• Available data:
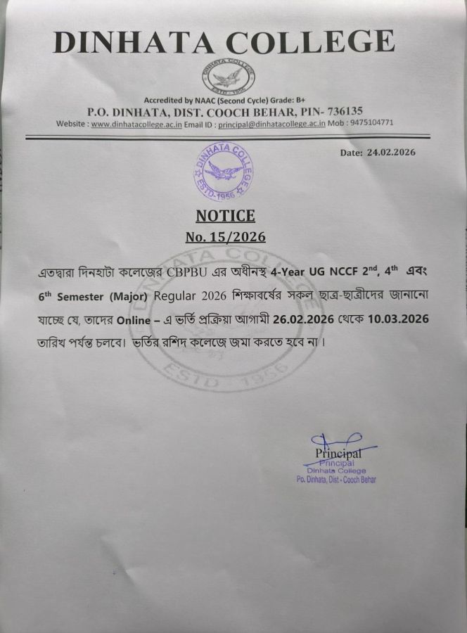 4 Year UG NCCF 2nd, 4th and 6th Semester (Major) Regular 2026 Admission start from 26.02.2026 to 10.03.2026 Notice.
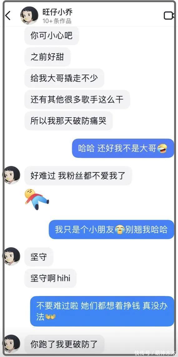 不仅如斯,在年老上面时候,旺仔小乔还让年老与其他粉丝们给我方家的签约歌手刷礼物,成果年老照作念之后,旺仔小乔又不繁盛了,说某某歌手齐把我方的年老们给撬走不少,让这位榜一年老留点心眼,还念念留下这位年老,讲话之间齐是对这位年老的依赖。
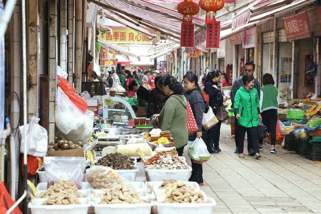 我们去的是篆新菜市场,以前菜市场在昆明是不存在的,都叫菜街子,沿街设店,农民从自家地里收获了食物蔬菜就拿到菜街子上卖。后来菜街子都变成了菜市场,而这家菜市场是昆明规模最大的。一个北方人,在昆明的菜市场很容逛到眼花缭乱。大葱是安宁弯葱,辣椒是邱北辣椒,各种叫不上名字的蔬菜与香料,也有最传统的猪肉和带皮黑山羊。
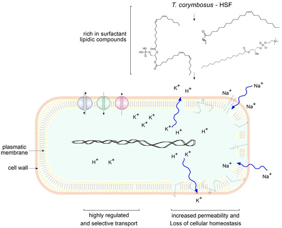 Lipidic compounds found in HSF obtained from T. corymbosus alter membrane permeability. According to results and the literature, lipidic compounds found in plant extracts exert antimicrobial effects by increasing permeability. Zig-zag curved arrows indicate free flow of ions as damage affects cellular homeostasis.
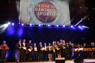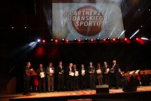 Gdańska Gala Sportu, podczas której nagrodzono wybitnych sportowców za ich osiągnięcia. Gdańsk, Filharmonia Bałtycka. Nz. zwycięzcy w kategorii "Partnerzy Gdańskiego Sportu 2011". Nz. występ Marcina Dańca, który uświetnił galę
* * *
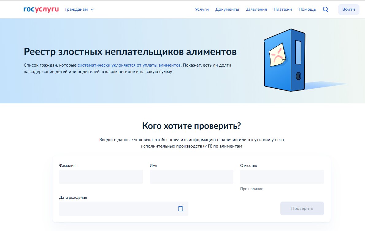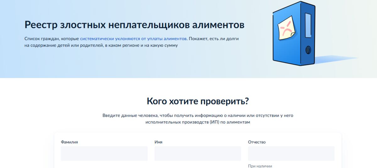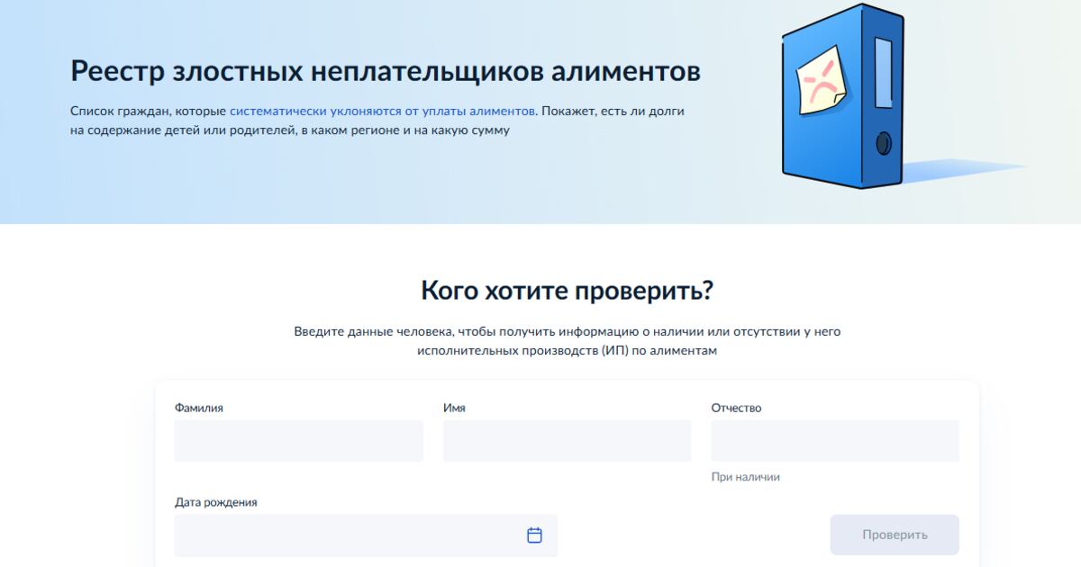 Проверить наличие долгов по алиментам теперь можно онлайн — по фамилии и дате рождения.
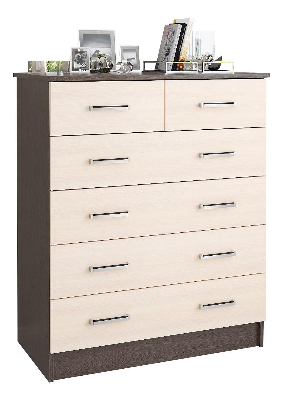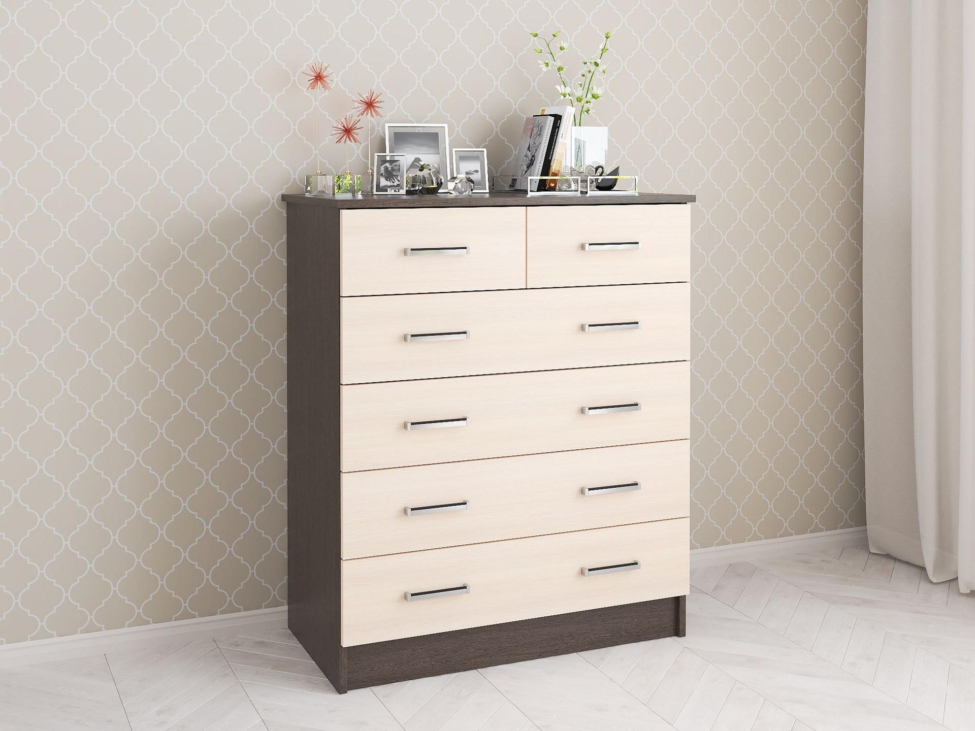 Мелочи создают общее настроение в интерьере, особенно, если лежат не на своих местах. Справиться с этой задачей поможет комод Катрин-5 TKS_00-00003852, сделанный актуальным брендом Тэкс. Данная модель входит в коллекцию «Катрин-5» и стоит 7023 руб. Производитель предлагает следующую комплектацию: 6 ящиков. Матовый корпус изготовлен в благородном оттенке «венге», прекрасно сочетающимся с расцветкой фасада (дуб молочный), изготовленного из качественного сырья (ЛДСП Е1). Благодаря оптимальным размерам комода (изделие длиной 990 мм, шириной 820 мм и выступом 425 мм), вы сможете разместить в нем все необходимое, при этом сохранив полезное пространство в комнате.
--
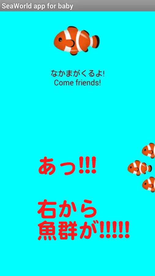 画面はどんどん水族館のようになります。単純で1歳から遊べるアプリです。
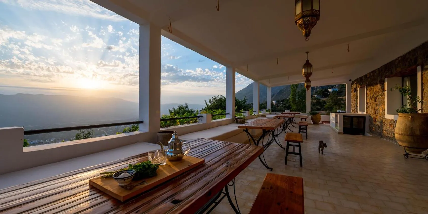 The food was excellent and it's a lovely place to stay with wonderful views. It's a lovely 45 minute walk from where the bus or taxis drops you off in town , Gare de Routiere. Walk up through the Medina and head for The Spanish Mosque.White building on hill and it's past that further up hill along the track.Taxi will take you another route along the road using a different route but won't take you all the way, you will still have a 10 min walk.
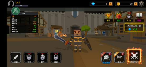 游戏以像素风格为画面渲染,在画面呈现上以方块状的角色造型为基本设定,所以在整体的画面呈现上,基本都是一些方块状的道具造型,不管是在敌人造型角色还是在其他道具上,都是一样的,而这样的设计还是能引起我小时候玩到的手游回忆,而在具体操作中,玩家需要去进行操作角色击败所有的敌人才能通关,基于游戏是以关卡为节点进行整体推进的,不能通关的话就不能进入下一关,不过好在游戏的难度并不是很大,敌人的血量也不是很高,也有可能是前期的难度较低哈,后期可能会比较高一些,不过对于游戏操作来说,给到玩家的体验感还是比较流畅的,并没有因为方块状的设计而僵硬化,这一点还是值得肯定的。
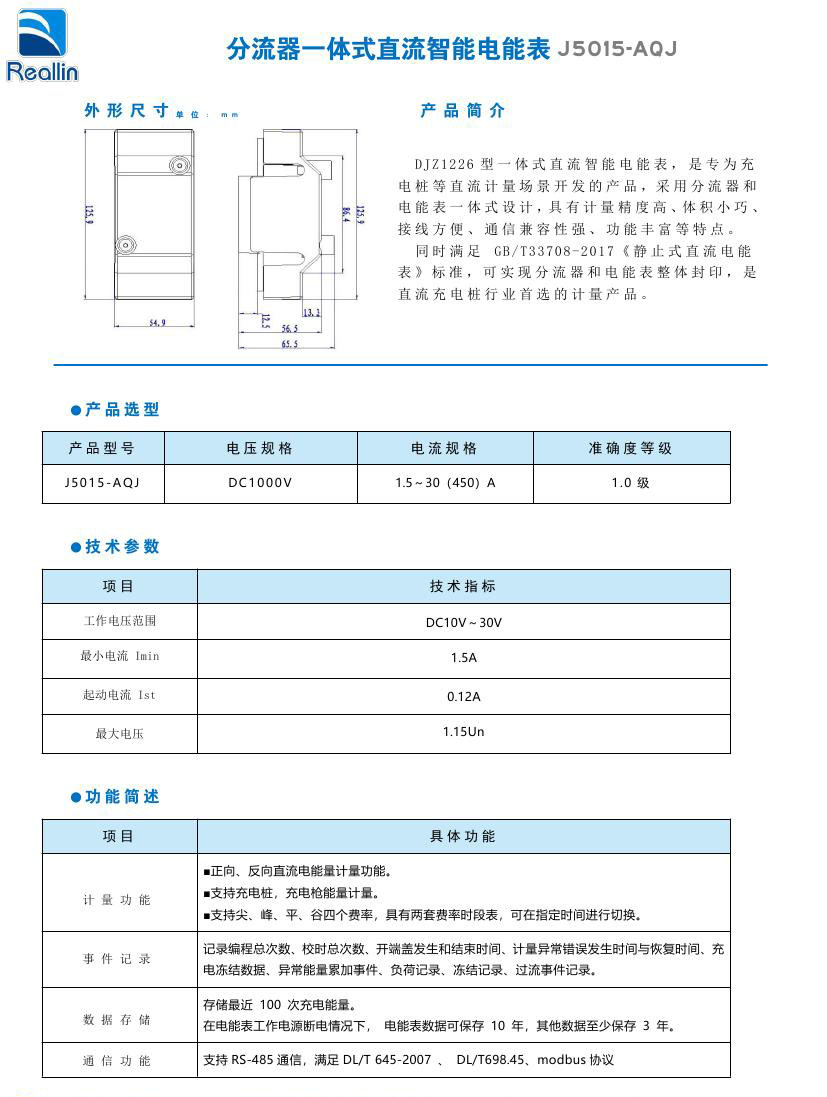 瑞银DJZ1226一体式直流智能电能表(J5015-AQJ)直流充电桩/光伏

• Problem description: With the pictures omitted, restate word for word the lines above from the line that has "我们去的是篆新菜市场,以前菜" up to and including the line that has "Gdańska Gala Sportu, podczas", and no other lines.

• Response box:
 我们去的是篆新菜市场,以前菜市场在昆明是不存在的,都叫菜街子,沿街设店,农民从自家地里收获了食物蔬菜就拿到菜街子上卖。后来菜街子都变成了菜市场,而这家菜市场是昆明规模最大的。一个北方人,在昆明的菜市场很容逛到眼花缭乱。大葱是安宁弯葱,辣椒是邱北辣椒,各种叫不上名字的蔬菜与香料,也有最传统的猪肉和带皮黑山羊。
 Lipidic compounds found in HSF obtained from T. corymbosus alter membrane permeability. According to results and the literature, lipidic compounds found in plant extracts exert antimicrobial effects by increasing permeability. Zig-zag curved arrows indicate free flow of ions as damage affects cellular homeostasis.
 Gdańska Gala Sportu, podczas której nagrodzono wybitnych sportowców za ich osiągnięcia. Gdańsk, Filharmonia Bałtycka. Nz. zwycięzcy w kategorii "Partnerzy Gdańskiego Sportu 2011". Nz. występ Marcina Dańca, który uświetnił galę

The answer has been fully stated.